Standardized Deposit-Taking Institutions
Section 2.2 discusses the implementation of IFRS 9's ECL framework as it relates to Standardized DTIs. Note that application of this section is limited to Standardized DTIs that are engaged in the business of lending. A Standardized DTI that determines it is not in the business of lending must notify OSFI and state the basis for this conclusion.
The regulatory burden applicable to Standardized DTIs is substantially reduced relative to IRB-DTIs. The overwhelming majority of guidance provided in the preceding section does not apply to Standardized DTIs.
Structural similarities remain, however. All deposit taking institutions (DTIs) are encouraged to exercise discretion and adopt prudent measures commensurate with their impairment obligations under the Draft Guideline.
Furthermore, DTIs must pre-notify OSFI of any material changes to their ECL methodology or level.
Chapter Three: Disclosures
Chapter Three of the Draft Guideline specifies the disclosure obligations applicable to life insurance enterprises, property & casualty (P&C) insurance enterprises and derivatives transactions applicable to all FREs.
Annual Disclosures for Life Insurance Enterprises
OSFI expects life insurance enterprises to include the disclosures required by the Draft Guideline and IFRS 9 in their annual OSFI return or by way of a supplementary management report appended thereto.

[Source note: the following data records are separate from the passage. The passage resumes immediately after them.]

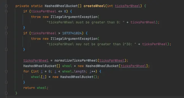 這樣就避免了在每一個槽中都需要檢測所有任務是否需要執行。在 HashedWheelTimer 的構造函數中,最重要的是 createWheel 方法,忽略基本的參數校驗,只看方法主流程,首先是對時間槽數量的規範化處理,處理方式為將構造時傳入的數量,修改為大於等於它的最小的 2 的次冪。為什麼這樣處理以及處理的具體方式,有興趣可以研究下源代碼。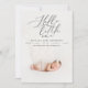 Hola pequeño anuncio moderno de nacimiento de una foto. Texto de guión elegante, foto impresa moderna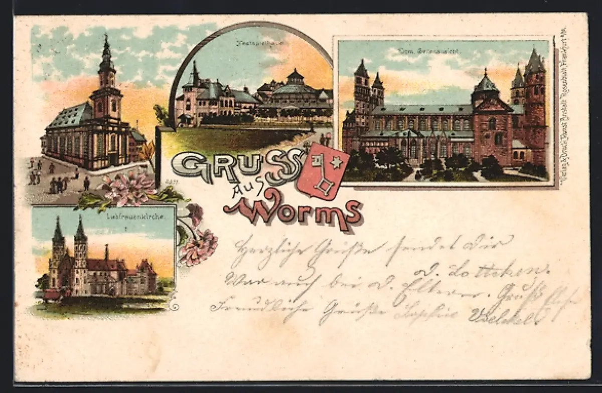 Lithographie Worms, Festspielhaus, Liebfrauenkirche, Dom von der Seitenansicht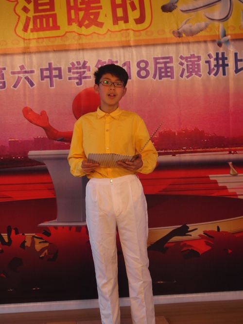 “六中,不缺乏感动,因为有父母般的恩师;六中,不缺乏温暖,因为有手足般的同窗……”随着主持人的开场宣布比赛开始,选手们有的声情并茂,描绘同学的青春气息;有的娓娓道来,述说老师的辛勤耕耘……724班沈岑萧同学的《因为有你,岁月如歌》、823班沈家艳《茫茫人海中,小小的我们》结合班级中的点滴生活,让我们感受到平日里老师对我们温暖关怀;816班吴柳谊的《816——我们共同的家》和719班高张培的《心灵的港湾》让我们感受到班级如家、同窗如手足……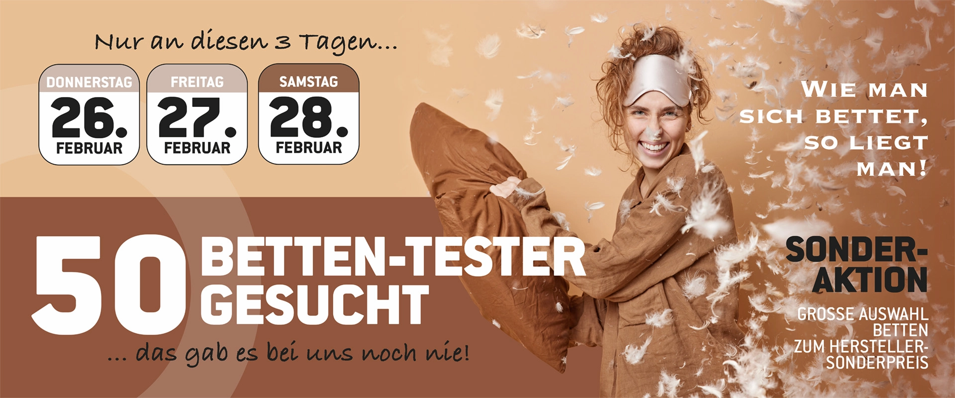 Nur vom 26.–28. Februar 2026 hast du die Chance, Betten-Tester bei Pfiff Möbel zu werden.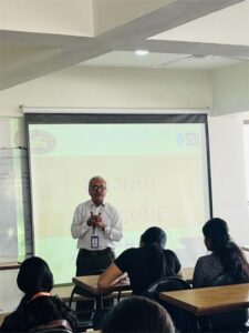 Anil Purohit, Counsellor, Financial Literacy & Credit Counselling Centre, State Bank of India delivering a guest lecture on financial literacy-NE photo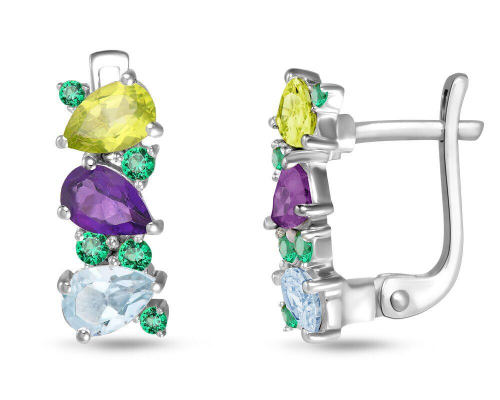 Серьги, аметист , перидот , топаз , наноизумруд, Эвиана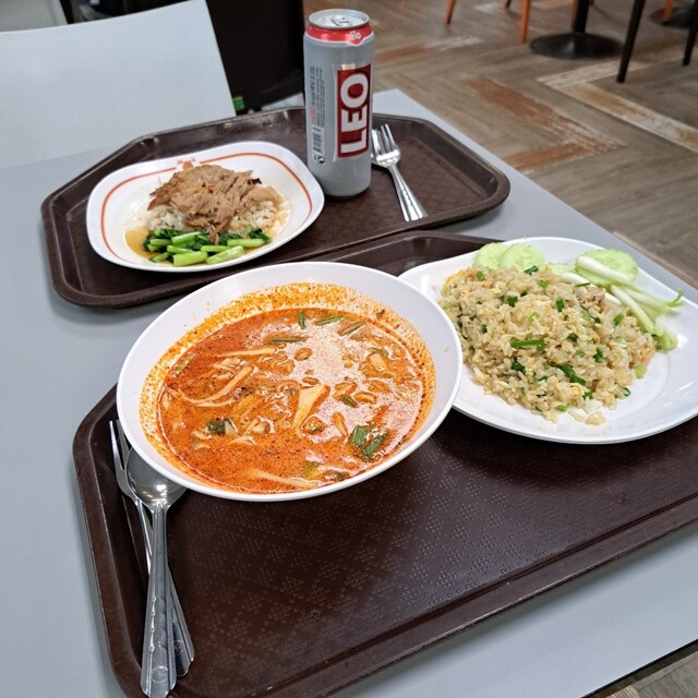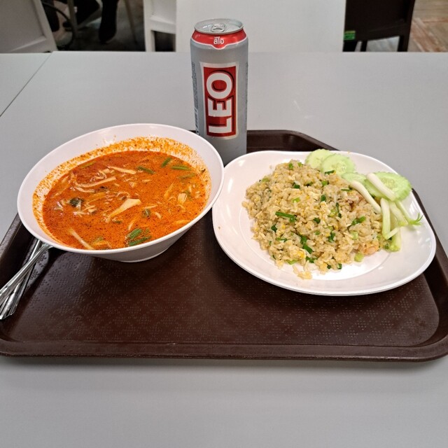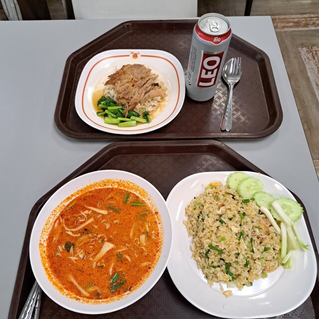 カオカームー(奥)、LEOビール、トムヤムヌードル(左)、カオパッド(右)

The annual return should further disclose an aggregate statement of financial position value and the fair value of investments. Life insurance enterprises should also identify significant risks to their business, including, among others, policy liabilities; delineate the responsibilities of senior management in this regard; and discuss risk management strategies.
Annual Disclosures for Property & Casualty Insurance Enterprises
In addition to complying with the life insurance enterprise disclosure obligations discussed above, P&C insurance enterprises must also include information on reinsurance transactions in the notes to their financial statements.
The Draft Guideline maintains OSFI's existing derivatives disclosure regime, save for removing disclosures that are now covered by IFRS and BCBS's Pillar 3.
OSFI has invited industry to comment on the Draft Guideline by May 6, 2016. Comments may be provided directly to OSFI via email to: Renée Chen, Director, Accounting Policy Division (Renee.Chen@osfi-bsif.gc.ca) or through industry associations.
The final guideline will apply to FREs with annual periods beginning on or after January 1, 2018, subject to the early adoption exception applicable to D-SIBs, in which case IFRS 9 should be adopted for the period commencing November 1, 2017.